I believe the question divides into two parts:

1. How many rolls to make a "point" of 2 or more dice with the same number.
2. How many rolls of the remaining dice to achieve that "point".

Given that the rolls of dice are independent geometrically distributed variables we can use:

1. $P(Y)$ is the geometric probability distribution of the number $Y=X−1$ of failures before the first success, supported on the set $\{0,1,2,3,...\}$ in setting the "point". The expected value of this is $E_1=\frac{1−p}{p}$, where p is the probability of setting the point (i.e. getting a pair or better).

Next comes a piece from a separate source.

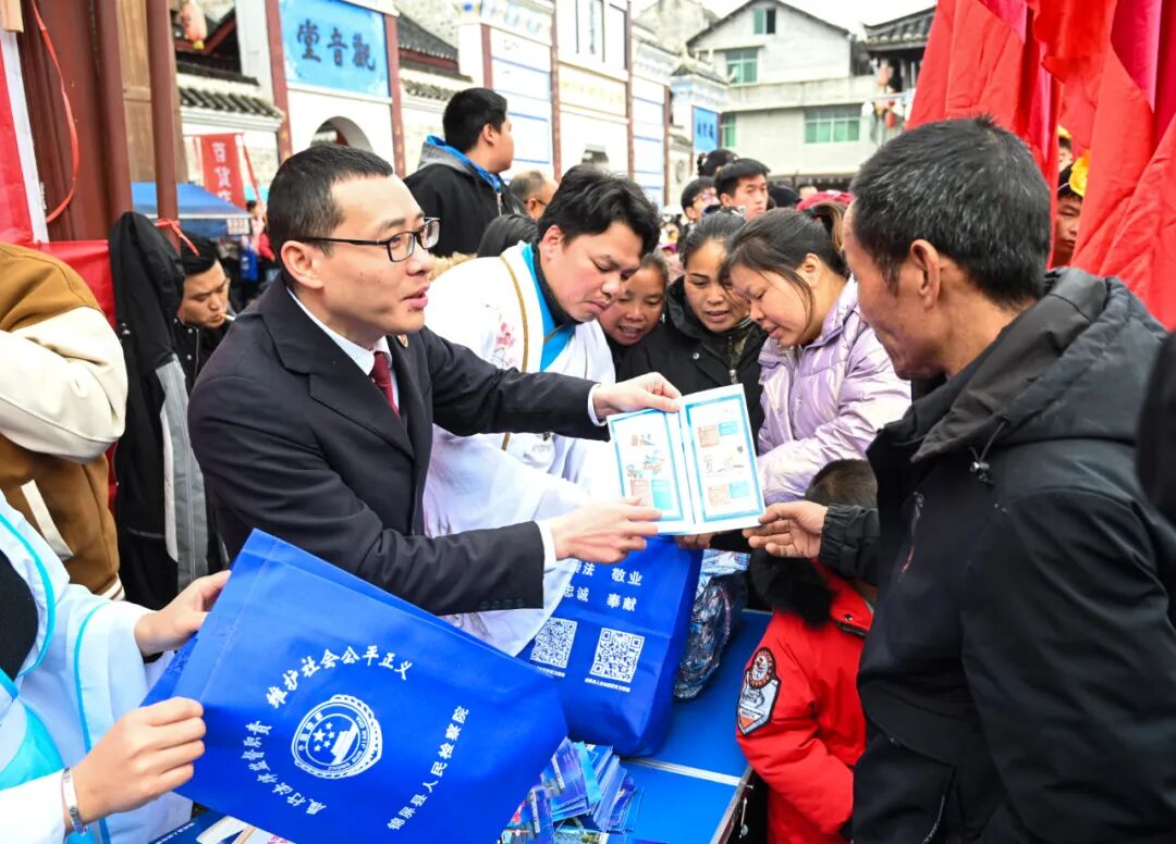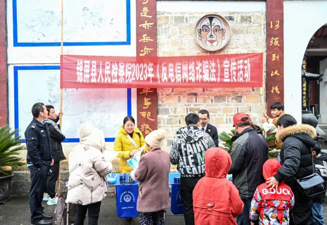 2月5日(农历元宵节),锦屏检察也到古城“打卡过节”。利用隆里人民过元宵节的契机开展了《中华人民共和国反电信网络诈骗法》宣传活动。检察干警主动融合当地文化特色,身着汉服和检察制服两种服装进行,对比明显,引人注目,吸引大批游客和群众的围观,检察干警乘势发放宣传资料、宣传相关反诈知识,给现场群众送上一份份“节日礼包”。干警利用“帮助信息网络犯罪活动罪”等真实案例引导群众树立守法、防诈、反诈的意识。活动最后,检察机关温馨叮嘱和指导现场群众下载“国家反诈中心”APP。

2. $R(Z)$ is the distribution for the remaining dice ($r$) to converge on the point. This the maximum of $r$ i.i.d. geometric random variables with $q=\frac{1}{6}$. The answer to Expectation of the maximum of IID geometric random variables gives an expected value of $$\mathrm E_2=\sum_{k\geqslant0}(1-\mathrm P(Z\leqslant k))=\sum_{k\geqslant0}(1-\mathrm P(Y\leqslant k)^r)=\sum_{k\geqslant0}(1-(1-(1-q)^{k+1})^r).$$

The answers below have been checked against an empirical calculation of 999,999 results using a visual basic program. Empirical results are shown italicized.

$n=1$

Any number will do

$$E_1+E_2=0$$

$n=2$

\begin{align}E_1+E_2&=\frac{1-\left(1-\left(\frac{5}{6}\right)\right)}{1-\left(\frac{5}{6}\right)}+\sum_{k\geqslant0}(1-(1-(1-\frac{1}{6})^{k+1})^{2-2})\\ & =\frac{\left(\frac{5}{6}\right)}{\left(\frac{1}{6}\right)}\\ &=5\\ \end{align}

5.00 SD 5.48

I'm confident that this answer is correct since it only relies on setting the point, the term relating to the rolls of 0 dice to match it is 0 - which makes complete sense. Let's see how we go with $n=3$

\begin{align}E_1&=\frac{1-\left(1-\left(\frac{5}{6}\right)\left(\frac{4}{6}\right)\right)}{1-\left(\frac{5}{6}\right)\left(\frac{4}{6}\right)}\\ &=\frac{20}{16}\\ &=1.25 \end{align}

1.25 SD 1.68

\begin{align}E_2&=\sum_{k\geqslant0}(1-(1-(1-\frac{1}{6})^{k+1})^{3-2})\\ &=\sum_{k\geqslant0}\left(\frac{5}{6}\right)^{k+1}\\ &=\frac{1}{1-\frac{5}{6}}-1\\ &=5\ \end{align}

5.63 SD 5.49 - this is a little high but only by 0.11 SD

$$E_1+E_2=6.25$$

6.88 SD 5.74

Moving on to $n=4$

\begin{align}E_1&=\frac{1-\left(1-\left(\frac{5}{6}\right)\left(\frac{4}{6}\right)\left(\frac{3}{6}\right)\right)}{1-\left(\frac{5}{6}\right)\left(\frac{4}{6}\right)\left(\frac{3}{6}\right)}\\ &=\frac{60}{156}\\ &=0.38 \end{align}

0.39 SD .73

This is going down as expected, with more dice in play pairs are easier to come by.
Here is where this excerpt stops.